Step-by-step solution

Assign u and dv

Assign \(u = e^{2x}\) and \(dv = \cos(3x) \, dx\) . Then find \(du\) and \(v\). So, \(du = 2e^{2x} \, dx\), and \(v = \frac{1}{3}\sin(3x)\).

Apply integration by parts

Apply the rule of integration by parts \(\int udv = uv - \int vdu\). This results in: \(\int e^{2x} \cos(3x) \, dx = uv - \int v\, du = e^{2x} * \frac{1}{3}\sin(3x) - \int \frac{1}{3}\sin(3x) * 2e^{2x} \, dx = \frac{1}{3}e^{2x}\sin(3x) - \frac{2}{3} \int e^{2x} \sin(3x) \, dx\)
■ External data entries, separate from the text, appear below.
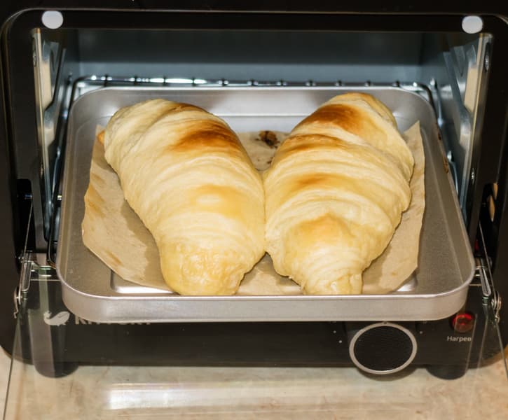 Установили на нижнюю несъемную решетку и выкрутили ручку таймера до максимума. Время пошло, таймер затикал. Через 10 минут круассаны сильно увеличились в размерах, однако поверхность их лишь слегка подрумянилась.
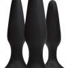 Three assorted sizes of firm, flexible and tapered plugs designed for effortless penetration. Velvety soft to the touch, these satin finish toys are easy to clean and safe to use with any lubricants. Each features a strong suction cup base for creative sexual fun.
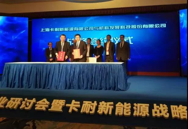 中國儲能網訊:近日,上??托履茉从邢薰境晒εe辦了2018年新能源產業(yè)研討會暨卡耐新能源戰(zhàn)略發(fā)布會。現場,卡耐新能源還分別與上海國際汽車城(集團)有限公司、機科發(fā)展科技股份有限公司簽訂了戰(zhàn)略合作協(xié)議,分別在電池梯次及再生利用、智能制造領域兩大領域與上述兩家單位展開深入合作。
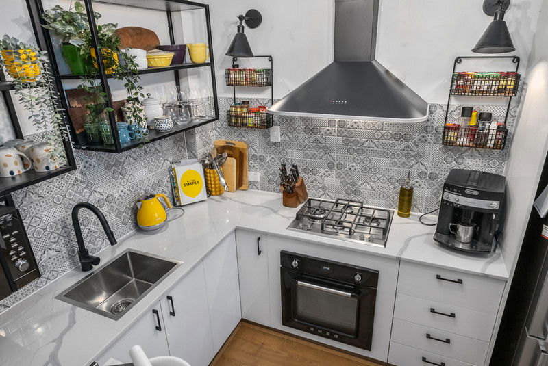 #Designer Kitchen: Upgraded with high-quality fixtures, sleek stone benchtops, gourmet appliances, feature tiling, matte black shelving, and pendant lighting, providing a stylish and practical hub for daily living.
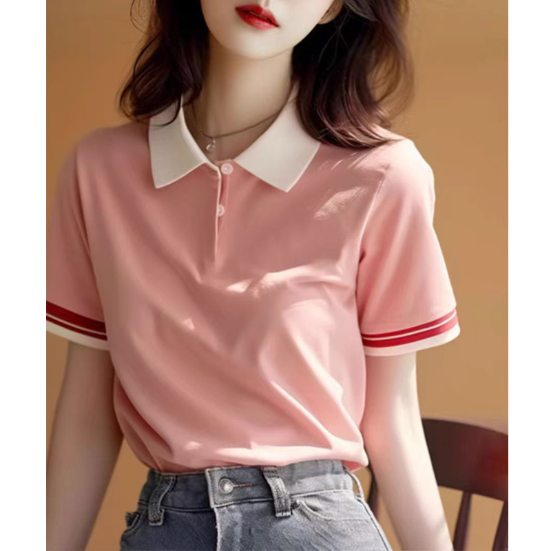 Contrast-color cuff lapel short-sleeve knitted blouse
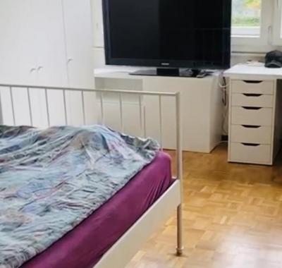 Je loue dans mon appartement une chambre avec lit double, une commode et armoire.

Perform integration by parts again

We are left with another integral \(\int e^{2x} \sin(3x) \, dx\) . Let's perform integration by parts again, similarly assigining \(u = e^{2x}\) and \(dv = \sin(3x) \, dx\). Then, \(du = 2e^{2x} \, dx\) and \(v = -\frac{1}{3}\cos(3x)\). Apply the integration by parts formula results in: \(\int e^{2x} \sin(3x) \, dx = uv - \int v \, du = -\frac{1}{3}e^{2x}\cos(3x) - \int -\frac{1}{3}\cos(3x) * 2e^{2x} \, dx = -\frac{1}{3}e^{2x}\cos(3x) + \frac{2}{3} \int e^{2x} \cos(3x) \, dx\)

Finalize the Solution

Plug this result back into the integral we got from Step 2 : \(\frac{1}{3}e^{2x}\sin(3x) - \frac{2}{3}(-\frac{1}{3}e^{2x}\cos(3x) + \frac{2}{3} \int e^{2x} \cos(3x) \, dx) = \frac{1}{3}e^{2x}\sin(3x) + \frac{2}{9}e^{2x}\cos(3x) - \frac{4}{9} \int e^{2x} \cos(3x) \, dx\). Now, we see we have a similar integral on both sides of the equation. Let's move it all to the left side: \(\frac{13}{9}\int e^{2x} \cos(3x) \, dx = \frac{1}{3}e^{2x}\sin(3x) + \frac{2}{9}e^{2x}\cos(3x)\). Therefore, \(\int e^{2x} \cos(3x) \, dx = \frac{9}{13}(\frac{1}{3}e^{2x}\sin(3x) + \frac{2}{9}e^{2x}\cos(3x)) + C\), where \(C\) is the constant of integration.